A final panelist, Isaac Espinoza, vice president of reinsurance for Root agreed that the number of new ventures will decrease. “The hurdle’ is now becoming higher,” he said. “I think reinsurance capacity is harder to come by. I think there’s a number of people that have skepticism, and the first-mover advantage has gone away for these new tech companies,” added Espinoza, who previously worked in a VC-type role for Greenlight Re.

Funding Levels Balloon

As for the current state of the InsurTech market, global InsurTech funding ballooned to $4.8 billion in the second-quarter of 2021. While that was 89 percent higher than the $2.6 billion tallied for the first quarter, funding for the two quarters together—roughly $7.4 billion—surpassed the full year 2020.

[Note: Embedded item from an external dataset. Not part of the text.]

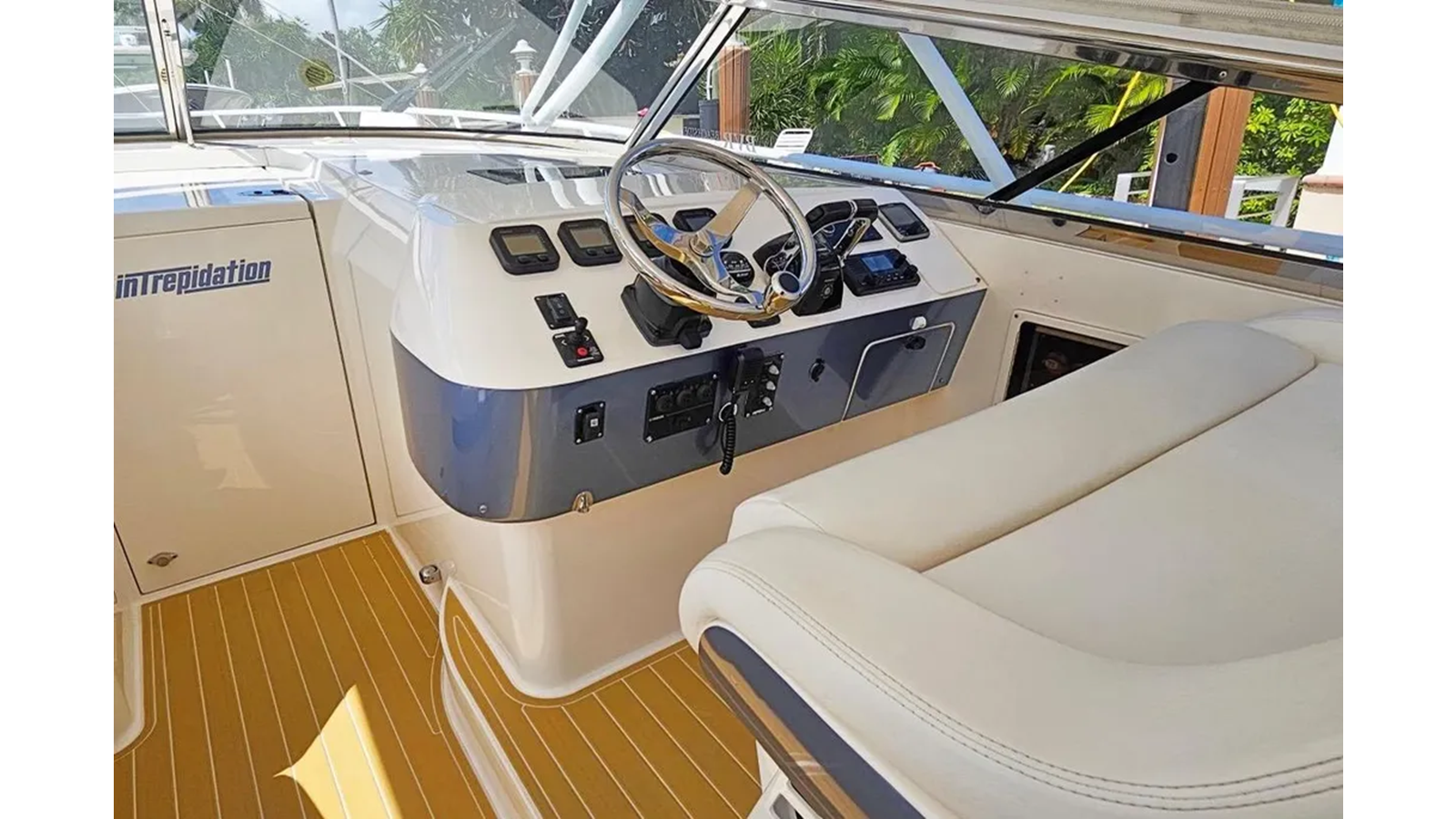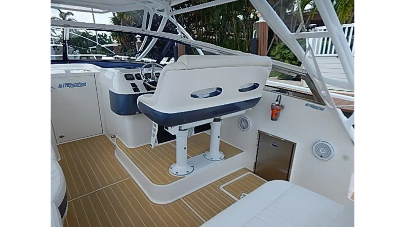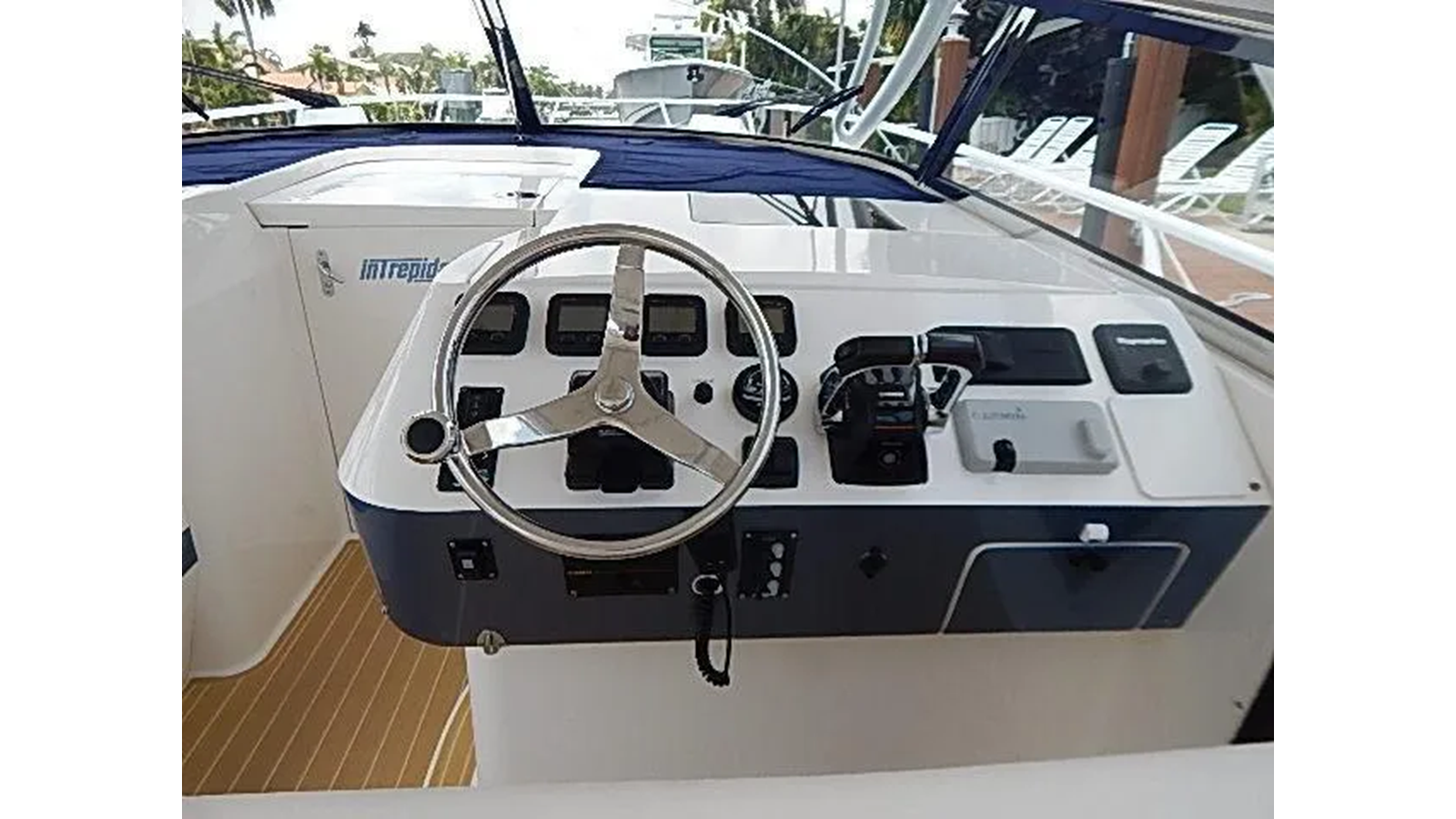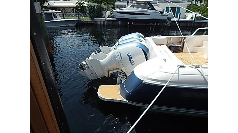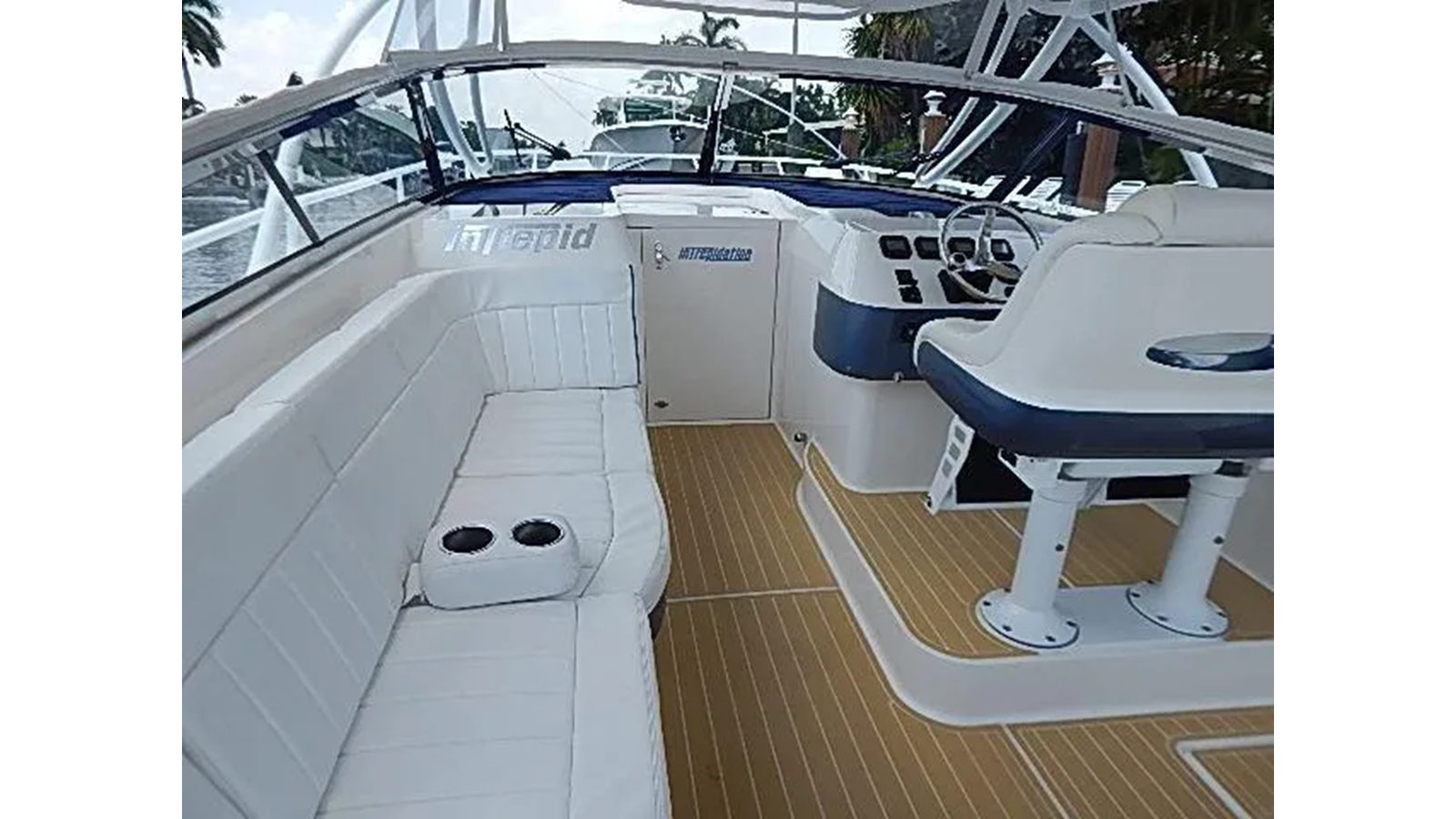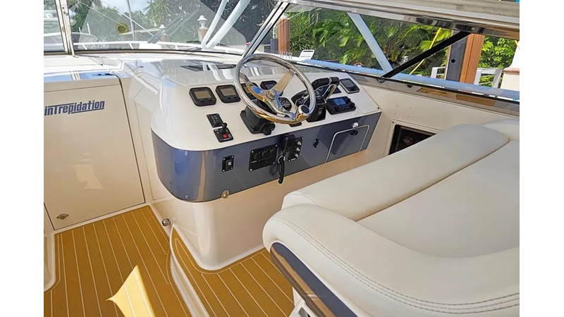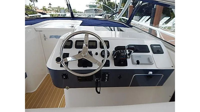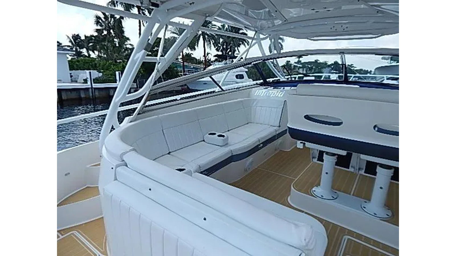 This 2009 Intrepid 430 is a multipurpose sport yacht with the sleek styling and luxury-class amenities of a custom boat. She provides a superbly smooth and stable ride. Some of her many features include: Dual Garmin electronics, radar, mapping, spot light ACR, bow thruster and more. Powered by triple Yamaha 350’s with 790 hours. Like many Intrepid boats, she is built on a fully cored stepped hull designed with speed in mind.

According to the report, the portion of those totals that went to property/casualty InsurTechs was 71 percent of second-quarter 2021 and 69 percent for first-quarter 2021, producing a first-half P/C total of roughly $5.2 billion (Carrier Management’s calculation).

There were 107 P/C deals in the first quarter and 119 more in the second quarter, bringing the first-half total to 226, a figure that is 82 percent of the full-year 2020 total and above all of the prior full-year totals that Willis Towers Watson and CB Insights have calculated since 2012.

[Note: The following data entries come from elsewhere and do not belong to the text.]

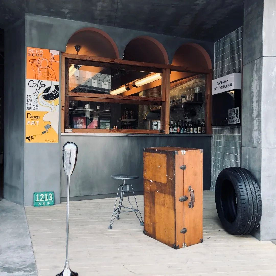 是一家集咖啡、精酿啤酒、纹身于一体的门店,共有两层。一层以饮品为主,二层则是纹身工作室。店里的装修主打工业风,还有潮玩、复古老物件装饰。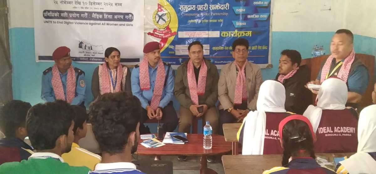 बिरगंज १६ मंसिर लैङ्गिक हिंसा विरुद्धको १६ दिने अभियानको अवसरमा सामुदायिक प्रहरी सेवा केन्द्र छपकैयाको आयोजनामा तथा आइडिएल बोर्डिङ स्कूलको सहकार्यमा लागुऔषध दुरुपयोग रोकथाम तथा जनचेतनामूलक कार्यक्रम आइडिएल बोर्डिङ स्कूलमा सम्पन्न गरिएको छ। कार्यक्रममा शिक्षक–शिक्षिका, विद्यार्थी, अभिभावक, स्थानीयवासी तथा सामुदायिक प्रहरी प्रतिनिधिहरूको व्यापक उपस्थिति रहेको थियो। सहभागीहरूलाई लागुऔषधको असर, जोखिम, कानुनी परिणाम, यसका सामाजिक प्रभाव र किशोर–किशोरीलाई लागुऔषधबाट जोगाउन परिवार तथा समुदायको भूमिकाबारे विस्तृत जानकारी दिइ्यो। कार्यक्रम सामुदायिक प्रहरी सेवा केन्द्र छपकैयाका अध्यक्ष ग्यासुदिन ठकुराईको अध्यक्षतामा सम्पन्न भएको थियो।विशेष उपस्थितिमा वडा अध्यक्ष: रियाज मिया तेलि,वडा सदस्य: बसिर मिया,स्कूल निर्देशक: शौकत अली,प्रिन्सिपल: विकास राई लगाएतकाहरुको उपस्थिति रहेको थियोे।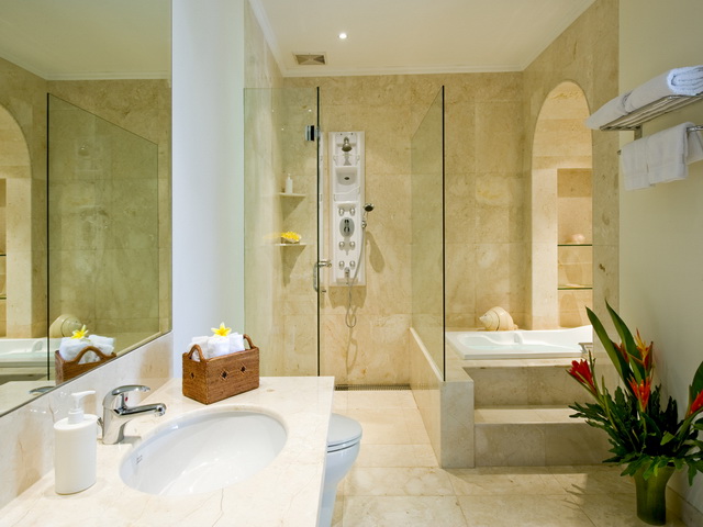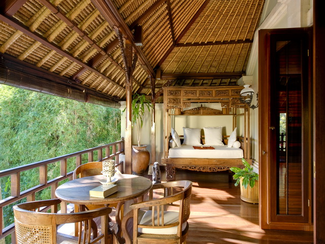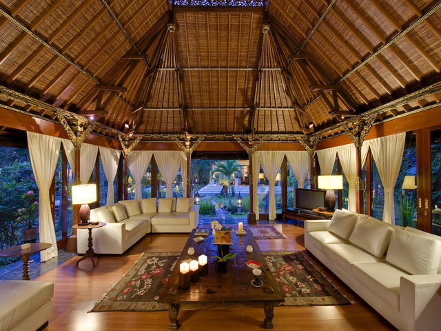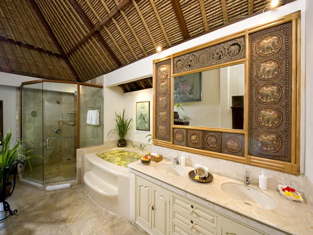 It is equipped with a TV and DVD player. The splendid ensuite bathroom is long and narrow, complete with a glass roof. At one end is a toilet and bidé behind carved Balinese doors, while at the other end an archway opens into a walk-in circular marble space with a shower. There are also twin washbasins and mirrors in carved frames.

An earlier article published by Carrier Management last week highlights some of the report details about differences in deal counts and dollar amounts by funding stage and geography.

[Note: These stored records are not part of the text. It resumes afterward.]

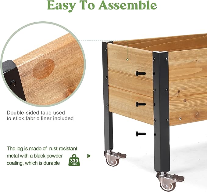 - 【Material】Planter box with wheel that can be locked. It is made of natural fir wood, which can withstand rain corrosion well. which is very environmentally friendly.Instead of recycled wood, use metal legs for support, which are stronger and more durable.
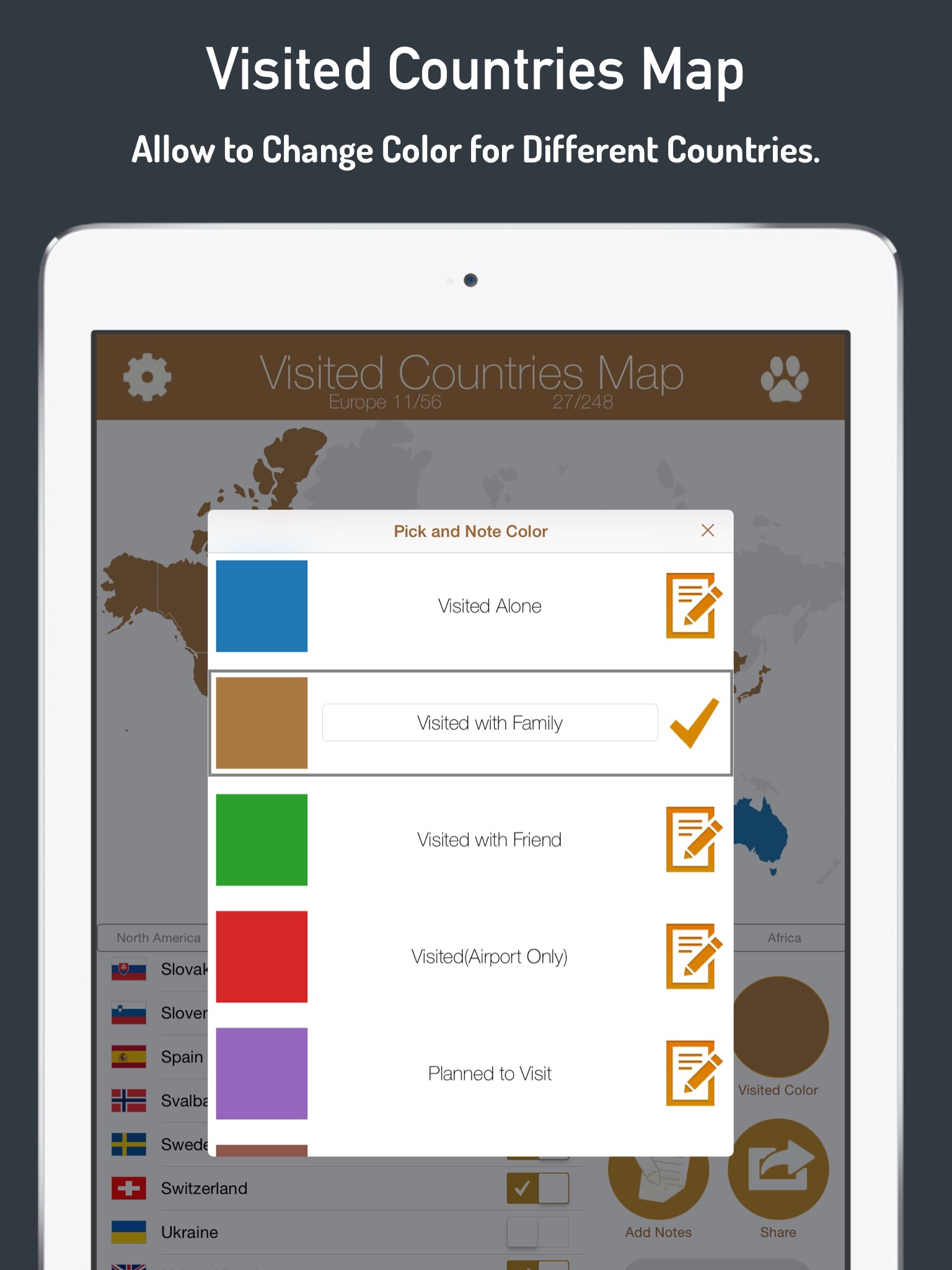 I like the idea of this app but it would be more useful with a color control per country, or by creating categories. For example: - countries visited, in green (exemple) - countries went through (airport only), in yellow - countries planned to visit in yellow - Countries would like to visit in blue - make your own category Currently, color control is either of one choice or random, it seems.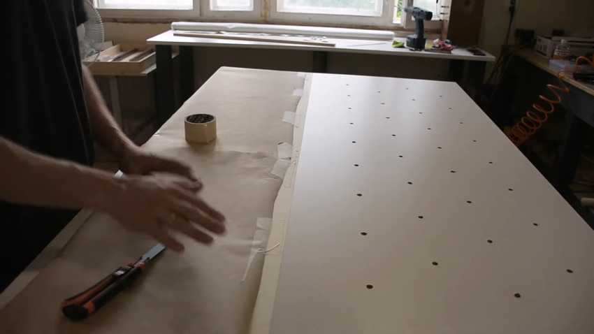 Просверлите углубления сверлом (10 мм). Затем разделите малярным скотчем разделенные части на фанере. Ту сторону, которая остается без отверстий, накройте бумагой и зафиксируйте ее. |
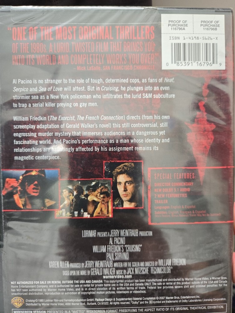 Cruising DVD 1980 Al Pacino GAY BAR LGBTQ Cult Film Homosexual Serial Killer

The text of the latest Briefing comments on overvalued InsurTechs and the speed at which InsurTechs are going public. The rush to IPO is either a sign that some InsurTechs are “ready for prime time or [that] investors may be a bit overeager in a very bullish market,” Johnston said, on a video accompanying the report.

The report also highlights some InsurTechs that have gone public or plan to do so, which are performing very well, giving the particular example of Doma (formerly States Title). Doma announced it would go public through a special purpose acquisition company with Capitol Investment Corp. in March., reporting Q2 revenues of $128 million, up 80 percent from Q1 2020 and a gross profit of $26 million, up 98 percent from Q1 2020, the report said.

In the forward to the report, Johnston also commented on a a recent trend for most InsurTech stock prices to move up and down together, “almost regardless of how the businesses themselves are performing.”

“Currently, most public InsurTech stock is experiencing a downward trend, as is so often the case with relatively exciting new investment opportunities during periods of volatility and uncertainty. This is not to suggest, however, that there will not be a positive future for many InsurTechs that can survive this uncertainty, and to this point, some individual businesses are demonstrating some impressive resilience already,” he wrote.

The HPIX, an index of InsurTech stock prices administered by Hudson Structured Capital Management, rose about 2 percent during the second quarter (from 155.92 on April 1 to 159.14 on June 30), but has fallen about 8 percent since (to 145.86 on Aug. 2).

A section of the Willis Towers Watson briefing includes a interview with Adrian Jones, managing director of HSCM, who created the index.

Asked for advice he would give to an InsurTech startup, Jones responded that the characteristic, which distinguishes great InsurTech entrepreneurs is “enormous persistency.”

“Insurance is not a business that is entranced by brilliant founders straight out of business school sprinkling pixie dust,” he said, noting that those who are poised to change the industry going forward “take the time to study the industry and its history,” and then spend years building companies.

“Insurance is a ‘get rich slowly’ business” that is “ripe for disruption” by those founders that are in it for the long haul, he said.